We consider uncertainty quantification for the Poisson problem subject to domain uncertainty. For the stochastic parameterization of the random domain, we use the model recently introduced by Kaarnioja et al. (SIAM J. Numer. Anal., 2020) in which a countably infinite number of independent random variables enter the random field as periodic functions. We develop lattice quasi-Monte Carlo (QMC) cubature rules for computing the expected value of the solution to the Poisson problem subject to domain uncertainty. These QMC rules can be shown to exhibit higher order cubature convergence rates permitted by the periodic setting independently of the stochastic dimension of the problem. In addition, we present a complete error analysis for the problem by taking into account the approximation errors incurred by truncating the input random field to a finite number of terms and discretizing the spatial domain using finite elements.
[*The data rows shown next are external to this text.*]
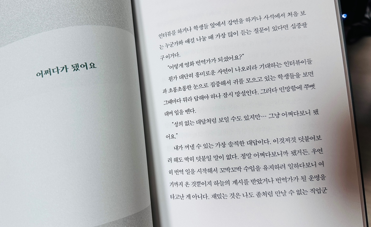 그의 번역을 거친 많은 영화들을 통해 감동을 받아온 분들이라면 꼭 한 번쯤 읽어보시길 추천드립니다.
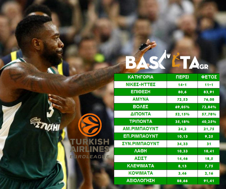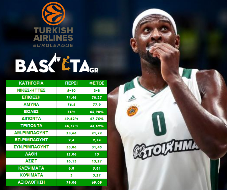 Συγκρίνοντας τους αριθμούς του Παναθηναϊκού στα εκτός έδρας παιχνίδια του, φέτος με πέρσι, γίνεται προφανές ότι φέτος σκοράρει λιγότερο (-4,19) αλλά ταυτόχρονα έχει και χειρότερο αμυντικό παθητικό (+1,5). Αξιοσημείωτο είναι και το ότι χάνει κατά μέσο όρο έξι βολές γεγονός που τον οδηγεί σε χαμηλό ποσοστό, σαφώς χειρότερο του περσινού (-9%). Η ομάδα του Πασκουάλ σουτάρει με χαμηλότερα ποσοστά τόσο στα δίποντα όσο και στα τρίποντα και βέβαια η αδυναμία μιας επιθετικής ομάδας να φτάσει τους 80 πόντους –το έκανε μόνο σε δύο από τα 11 εκτός έδρας παιχνίδια της- βρίσκει εύκολα εξηγήσεις με τα ποσοστά ευστοχίας και τη μικρότερη δημιουργία.
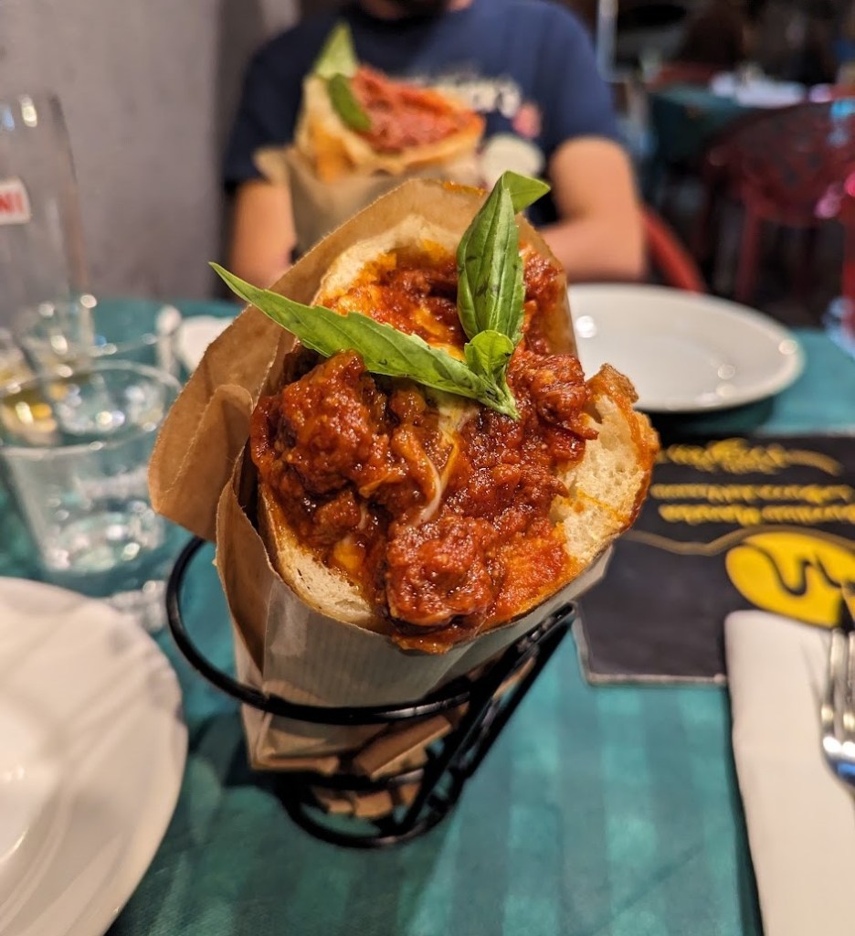 Para jantar fomos ao restaurante Tandem para comer o famoso ragù napolitano, que na sua essência é carne com um molho de base de tomate muito saboroso. Nós pedimos a sandes de ragù chamada de Cuzetiello mas o pão era um bocadinho rijo demais, por isso aconselho a provarem o ragù mas com massa ou gnocchi. No entanto, não deixem de provar o ragù. Existem vários restaurantes da cadeia Tandem espalhados pela cidade de Nápoles, basta encontrarem o mais perto. Nós não tínhamos feito reserva mas sendo uma segunda-feira à noite o restaurante não estava movimentado e rapidamente arranjámos mesa.

The paper concludes with numerical experiments demonstrating the theoretical error estimates.

我们考虑受领域不确定性影响的泊松问题的不确定性量化。对于随机域的随机参数化，我们使用 Kaarnioja 等人最近引入的模型。（SIAM J. Numer. Anal.，2020），其中可数无限个独立随机变量作为周期函数进入随机场。我们开发了格准蒙特卡罗 (QMC) 体积规则，用于计算受域不确定性影响的泊松问题解的期望值。这些 QMC 规则可以显示出周期性设置允许的更高阶体积收敛速度，与问题的随机维度无关。此外，我们通过考虑将输入随机场截断为有限项并使用有限元离散空间域而产生的近似误差，对该问题进行了完整的误差分析。本文最后通过数值实验证明了理论误差估计。